Please do not respond unless you have actual facts, please no I think
answers.
OpenAI accepts evals
Evals is a framework for evaluating OpenAI models and an open-source registry of benchmarks.
First question
This is not a specific question because of a lack of details, here are some questions that aim to clarify the information being sought for the first question about evals:
- Which models will evals be used for? (e.g. GPT-4, GPT-5, future model(s))
- Will evals be used to enhance existing models? (e.g. GPT-3, GPT-3.5)
- Are evals only used for training new models?
- When will the use of evals impact the public models? For example, if evals are accepted and used for training GPT-5, the results would be available when GPT-5 is released.
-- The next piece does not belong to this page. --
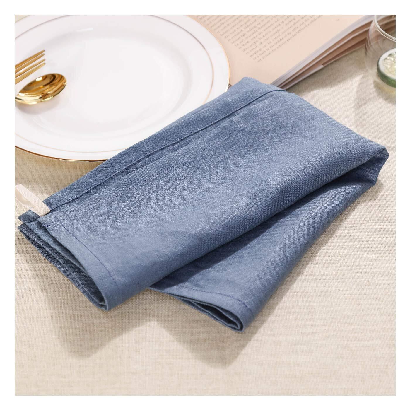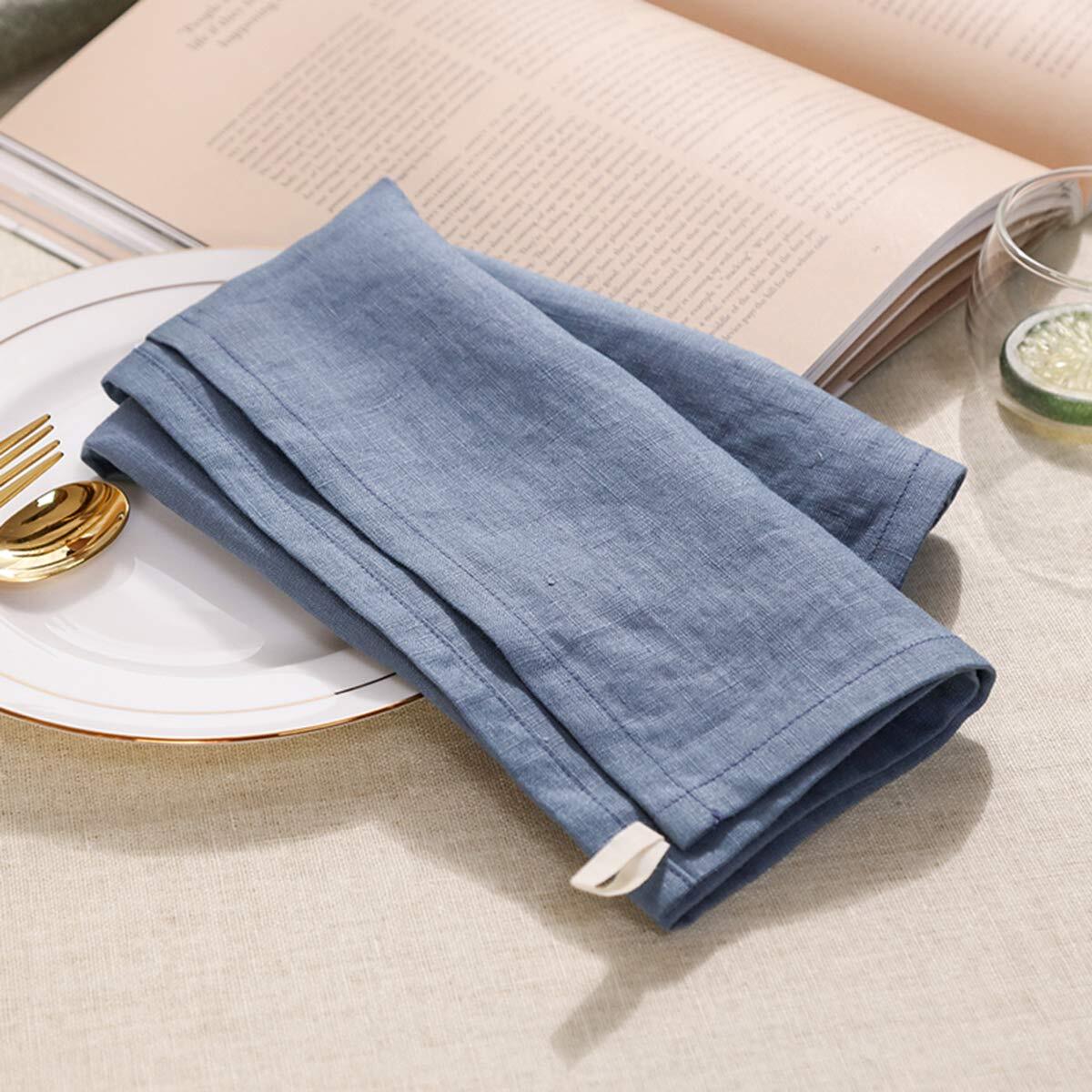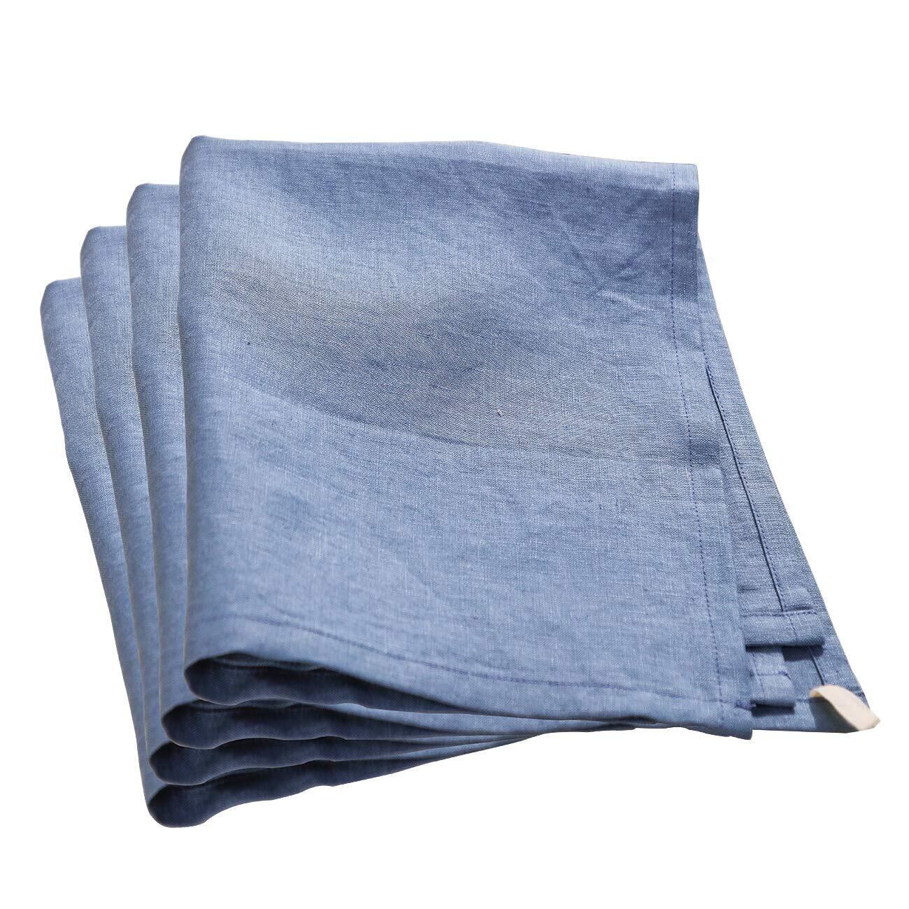 Amazhiyu テーブル ナプキンセット ナフキンセット ワイントーション テーブルナプキン 100%麻製 4 個セット |パーティー、自宅、カフェ、レストラン、ホテルに最適 - 洗濯機で洗えます 青色
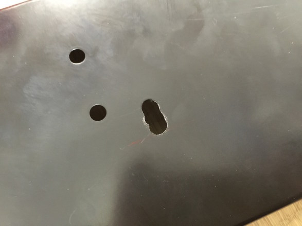 ・・・まあ長穴加工は難しいのでキレイには行きませんが、どうせハンコンの下になって見えない穴だし、実用一辺倒で加工しました。

If evals are accepted and used for training GPT-4, which is already released, when would the results be available?
This should give a clearer picture of the information being sought for the first question about evals.
Second question
As a programmer evals are obviously reminiscent of test cases and yet the are named evals
which begs the question, instead of just listing a subset of results, could the eval instead be setup to call an expression in a programming language that can generate the full set of results and sample as many of the results as needed?
For example if an eval is created to test the case of a symbol such as a letter, then a
would result in lower
and A
would result in upper
. Now if one thinks beyond ASCII such as Unicode then the set of upper an lower cases grows immensely. So instead of listing all of the evals, it would make more sense to use Unicode categories, e.g. Ll and Lu.
I know this really does not fit the Discourse category General API discussion
, it does not really fit any Discourse category, so this one was chosen.